Transferring files over a serial connection

I had an internet connection that required a DSL modem to use, and so I looked at openwrt.org for their DSL compatible modems, and found the TP-Link TD-W8970 v1. After an extremely quick glance at top of the page, I saw that ADSL/VDSL works, and proceeded to purchase one since they were quite cheap.

Little did I know this router had a far greater obstacle than I expected…

What I neglected to notice on the page for the TP-Link TD-W8970 v1 was how to install OpenWrt on the device. 😅

Turns out, it’s not as simple as other routers I’ve used in the past (you just download the upgrade package, and install it).
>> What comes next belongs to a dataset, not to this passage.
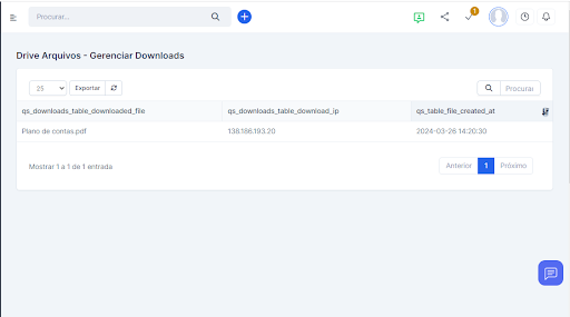 Para visualizar todos os downloads dos arquivos, navegue até a página de “Gerenciar Downloads” na seção de “Drive de Arquivos”.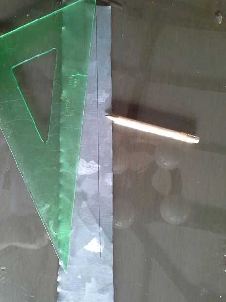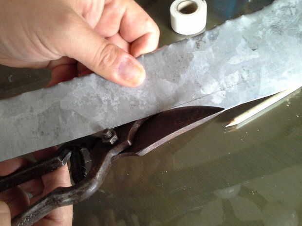 Con una regla, dibuje la raya en la hoja de metal (zinc en mi caso) y cortarlo. (2 piezas)

Not all is bad though, this is what is listed in the Installation instructions:

There are two viable ways to install OpenWrt; the “classic” method using serial access, or the “web interface hack” which allows to flash the firmware without opening the case!

Well! That “web interface hack” sounds pretty good to me!

Flashing OpenWrt without opening the case

Warning

Unfortunately, the SSID Config Injection method didn’t work with the firmware that the router came pre-installed with.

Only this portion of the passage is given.